The authors report that in over 100,000 healthy individuals a baseline multi-biomarker score comprised of 25 proteins, fatty acids, amino acids and lipids strongly predicts the risk of severe pneumonia and COVID 19 hospitalization 7-11 years later. The issue is whether other parameters related to inflammatory or immunological processes have been excluded. Also there are many simpler scores for determining severity and outcomes in clinical practice.
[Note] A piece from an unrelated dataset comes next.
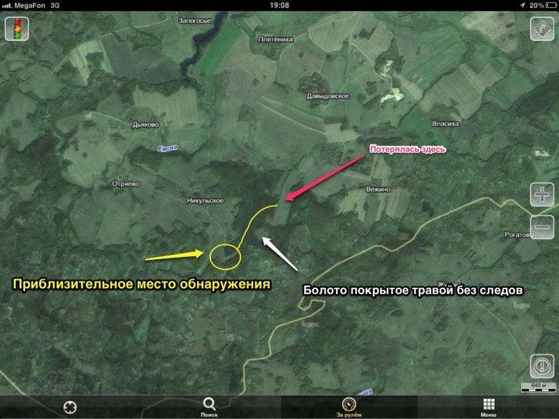 Попутно поговорил с мамой, узнал немного про девочку, в том числе умственное здоровье, общее состояние здоровья, была ли когда нибудь в лесу, была ли в этом лесу. В лесу, включая этот ребенок как оказалось не был не когда, из отклонений только одно, но очень неприятное, когда сильно плачет может начать задыхаться. По большому счету "ребенков" было два..., двадцати двухлетняя мама семилетней потеряшки больше чем на 15 сама не тянула... Единственное, что порадовало, это оранжевые резиновые сапоги на девочке. Попросил главных МЧСовцев из штаба отозвать силы с полей и направить в лес. МЧСовских было не много, похоже только один дежурный экипаж, курсанты какие то служивые, полйцейские разных сортов в небольшом количестве, местные и Ивановские и костромские добровольцы ЛА. Взлетели и работали час, постоянно возвращаясь к тем местам куда по моим расчетам могла выйти девочка. Попутно поняв картину, увидев просеки и болото, я решил, что девочка скорее всего выбрала единственный самый длинный путь по практически не просматриваемому и очень сложному по завалам для прочесывания участку леса, между полями и болотом и скорее всего надо там и искать, возвращались все время к месту указанному на карте желтым кружочком, где её в конце концов и нашли.

Thus there are two aspects the population susceptibility and the prediction of severe disease. There is a need to change the comparison group if looking for a useful predictor of severe disease.

The paper needs to be revised to highlight its hypothesis generation aspects which is its major point of interest, but also to cover or at least discuss the broader context of other inflammatory, immunological markers and other patient susceptibility characteristics and limitations including whether there is actual clinical utility.

Essential revisions:

This is a dense and complex analysis of a large, rich and powerful dataset that examines a clinically relevant issue that is obviously extremely timely. As an observational study it is limited to "hypothesis-generating conclusions". Its findings are intriguing and potentially of high medical and scientific importance.

The manuscript identifies a group of biomarkers that is highly predictive of severe pneumonia and COVID-19 hospitalization in prospective samples that were collected many years earlier. There are several strengths of the manuscript, including the large samples size using the UK biobank. The inquiry of a consistent set of markers that predict severe response to multiple important outcomes is also important. However, there are also not notable issues with the manuscript that need to be addressed and we believe inaccurate conclusions have been drawn from the analyses.

1. Intuitively one would expect markers of inflammation and immunological susceptibility to be the strongest predictors in this disease situation. Have these been explored previously? Is it that you are testing the already available marker set heavily slanted to metabolic markers because that is what is available so its wider use is being explored?

2. The primary concern with the manuscript as written is that the controls being used in both analyses do not seem appropriate. It is unclear why controls are being used in the analyses vs. those with pneumonia without a severe response or those with COVID-19 without a severe reaction. Aren't those the real comparison groups? By just using random controls, the analysis is not taking into account that disease itself. This is a fundamental flaw in the way the analyses are presented and the conclusions drawn. Furthermore, it completely inflates that actual statistical power in the analyses, given that the control group is literally several magnitudes bigger in the case of COVID-19.

3. Having said that, at an absolute minimum, these analyses should be rerun using COVID-19+ with severe and non-severe response. In this case, the real question is being answered: using prospective samples or individuals who get pneumonia/COVID, can we predict this that have a severe response vs. those who do not? In this case we are actually deciphering the difference between the biology of individuals who we know will have a severe response and those who we know will not. In the analyses, that the authors do, we have no idea who in the control group would have a severe response and who would not. Therefore the control group is completely inappropriate for addressing that issue.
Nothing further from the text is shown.